Pour cette troisième saison de concerts au théâtre de l’Aquarium, le Quatuor Leonis vous propose un répertoire musical inédit, entièrement inspiré par la programmation théâtrale de François Rancillac.
La diversité des pièces de théâtre, tant par leur contenu que par leur origine, propose une matrice excitante pour la composition d’une saison de musique. Ainsi, vous voyagerez entre la Scandinavie, l’Italie, la France en découvrant la transposition musicale de thèmes comme l’exil, l’attente, l’amour…
Cette saison sera marquée par un événement exceptionnel : la création mondiale au mois de mars du deuxième quatuor d’Alexandre Damnianovitch, compositeur serbe exilé en France, œuvre spécialement réalisée pour le Quatuor Leonis.

Alors, à dimanche !

Rendez-vous pour le concert à 12h, suivi d’un brunch à 13h puis du spectacle de théâtre à 16h.

> Les dimanches 9 novembre / 18 janvier / 22 mars / 12 avril à 12h

> À noter : jeudi 14 mai à 18h, le quatuor à cordes Leonis accompagnera la lecture de Les années d’Annie Ernaux par Ariane Ascaride : 60 ans de souvenirs en mots et en musiques...

en savoir plus sur le Quatuor Leonis en résidence à l’Aquarium



dimanche 12 avril 2015 : Concert de clôture de la saison musicale

Un concert en résonance avec le spectacle Tu oublieras aussi Henriette, écrit et mis en scène par la Revue Éclair, artiste associé de l’Aquarium

Ludwig von Beethoven (1770-1827) : quatuor à cordes opus 18 n°6 en Si Bémol Majeur (1800)

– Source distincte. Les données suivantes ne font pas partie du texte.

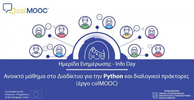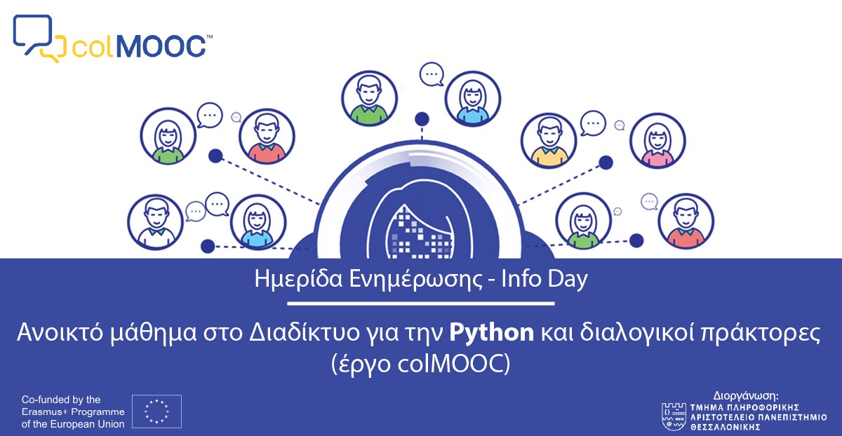 Η ενημερωτική ημερίδα με θέμα «Ανοικτό μάθημα στο Διαδίκτυο για την Python και διαλογικοί πράκτορες» θα πραγματοποιηθεί την Παρασκευή 14 Φεβρουαρίου 2020, στις 10.30, στο ΚΕΔΕΑ του ΑΠΘ, στο πλαίσιο της συμμετοχής του Αριστοτελείου στο ευρωπαϊκά χρηματοδοτούμενο έργο colMOOC.

Gioachino Rossini (1792-1868) : sonate pour quatre instruments N°3 en Do Majeur

Wolfgang Amadeus Mozart
(1756-1791) : quintette à deux altos K.516 en sol mineur (1787)

Quand Casanova rencontre Mozart…

"Parmi les 10 000 pages disparates des papiers de Giacomo Casanova conservés jadis au château de Dux et aujourd’hui aux archives nationales à Prague, il y a deux feuillets de vers, des variantes de la scène du quintette de l’acte 2 de Don Giovanni, le moment où Leporello, déguisé en son maître, est démasqué par les autres qui veulent lui faire un sort, et qu’il tente de se justifier. L’un de ces feuillets est même titré Don Giovanni."

Le 16 mai 1787, Mozart vient tout juste d’achever son quintette à deux altos en sol mineur, K516. Il crée à Prague, quelques mois plus tard, son opéra Don Giovanni. Tourmenté, obsédant, le quintette en sol mineur passe progressivement de l’ombre à la lumière, tel Don Juan s’enfonçant peu à peu dans les ténèbres et cherchant encore l’espoir de la rédemption.
Cette conversation intérieure d’un Mozart au soir de sa vie (il meurt en 1791) s’illustre dans les couleurs profondes du quatuor à cordes enrichi d’un deuxième alto qui devient, en quelque sorte, le compagnon de ses pensées les plus intimes.

Chez Rossini qui voit le jour un an après la mort de Mozart, c’est l’Italie toute entière qui exhale ses parfums chatoyants. On retrouve dans ses sonates pour quatuor à cordes le langage volubile et l’esprit hâbleur d’un personnage tel que Casanova, musicien également puisqu’il jouait du violon. Comme une nouvelle provocation, le compositeur n’hésite pas à renvoyer l’alto si cher à Mozart au vestiaire pour laisser la place à un instrument peu employé dans la musique de chambre de cette époque : la contrebasse.

Ce programme sera composé également du quatuor opus 18 n°6 de Ludwig Von Beethoven qui, par son panache héroïque juxtaposé à l’extrême solitude de sa Malinconía, semble parachever l’esquisse d’un portrait musical du plus grand des séducteurs.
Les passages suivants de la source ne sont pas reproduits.